Абвиль. Двадцать лет тому назад абвильские ребята, летавшие на самолетах "Мессершмитт-109" с желтой спиралью пружины вокруг пушки на обтекателе винта, были лучшими военными летчиками Люфтваффе. Абвиль – это место, в которое надо было идти, если ищешь драки, и которое надо было обходить, если у тебя вместо пулеметных патронов брезентовые мешки. Абвиль на одной стороне Ла-Манша, Тангмер и Биггин-Хилл – на другой. "Мессершмитт" на одной стороне, "Спитфайр" на другой. А в хрустальном воздухе посредине – переплетение инверсионных следов и падающих шлейфов черного дыма.

Единственное, что разделяет меня и желтоносый "Me-109" – это небольшой поворот реки, зовущейся время. Волны прибоя на песке Кале. Шепот ветра над шахматной доской Европы. Быстрый бег часовой стрелки. И вот тот же воздух, то же море, та же часовая стрелка, та же река времени. Но "мессершмиттов" нет. И величественных "спитфайров". Если бы мой самолет сегодня пронес меня не вдоль реки, а срезал бы по прямой ее поворот, мир показался бы таким же, как и сегодня. И в том же воздухе еще раньше "мессершмиттов" и "спитфайров", в таком же, но в другом объеме старого воздуха, с запада идут и попадают в луч прожектора над Ле-Бурже "лате" и "лонли райан". А там, над притоками реки, все кружат стаи "ньюпоров", "пфальцев", "фоккеров", "сопвизов", "фарманов", "блерио", "райтов", дирижаблей Сантос-Дюмона, монгольфьеров, ястребов. А люди смотрели вверх с земли. На небо, точно такое же, как сегодня.

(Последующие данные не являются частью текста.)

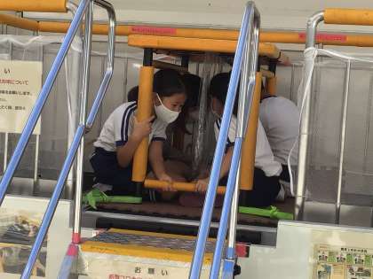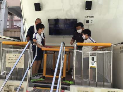 1、2年生は震度6弱、3、4年生は震度6強、5、6年生は阪神淡路大震災「震度7」程度で実際の揺れを再現したものを体験しました。

Небо вечно, а человек мечтает.
Река течет.
Небо вечно, а человек борется.
Река течет.
Небо вечно, а человек завоевывает.

Сегодня Тангмер и Биггин-Хилл – это слабоосвещенные бетонные прямоугольники под облаком, скользящим под моим самолетом, и аэропорт рядом с Абвилем – в темноте. Но все же тут есть кристально чистый воздух, и он шепчет над фонарем кабины и врывается в зияющее овальное заборное отверстие, от которого до моих сапог лишь расстояние, равное длине пулемета.

Грустно вдруг оказаться живой частью того, что должно принадлежать старой памяти и помутневшим пленкам фотокинопулемета. Я здесь, на дальнем берегу Атлантики, для того, чтобы быть всегда готовым, чтобы создать новые воспоминания о Нашей победе над Ними и нажимать на курок, который прибавит еще несколько футов к отснятой фотокинопулеметом пленке. Я здесь, чтобы стать частью Войны Возможной, и я не могу быть нигде больше, если она сделается Войной Настоящей.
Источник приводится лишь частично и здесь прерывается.